TASK MATERIAL:
━━━
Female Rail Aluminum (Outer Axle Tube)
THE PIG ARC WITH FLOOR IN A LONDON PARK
━━━
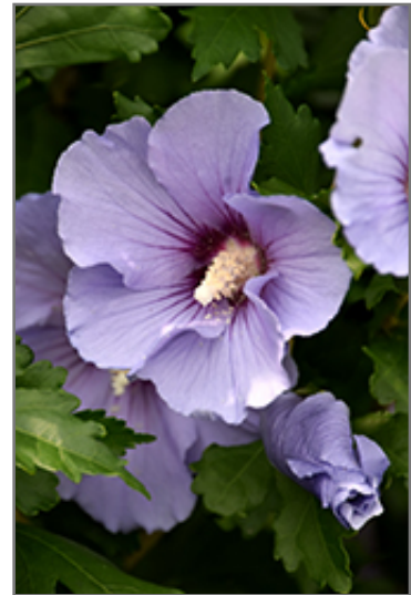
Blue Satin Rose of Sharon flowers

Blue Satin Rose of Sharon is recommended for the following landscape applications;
━━━
EXERCISE REQUIREMENTS: Each line containing "Blue" belongs in the answer; pick these out of the material and copy them.

TASK OUTPUT:
Blue Satin Rose of Sharon flowers
Blue Satin Rose of Sharon is recommended for the following landscape applications;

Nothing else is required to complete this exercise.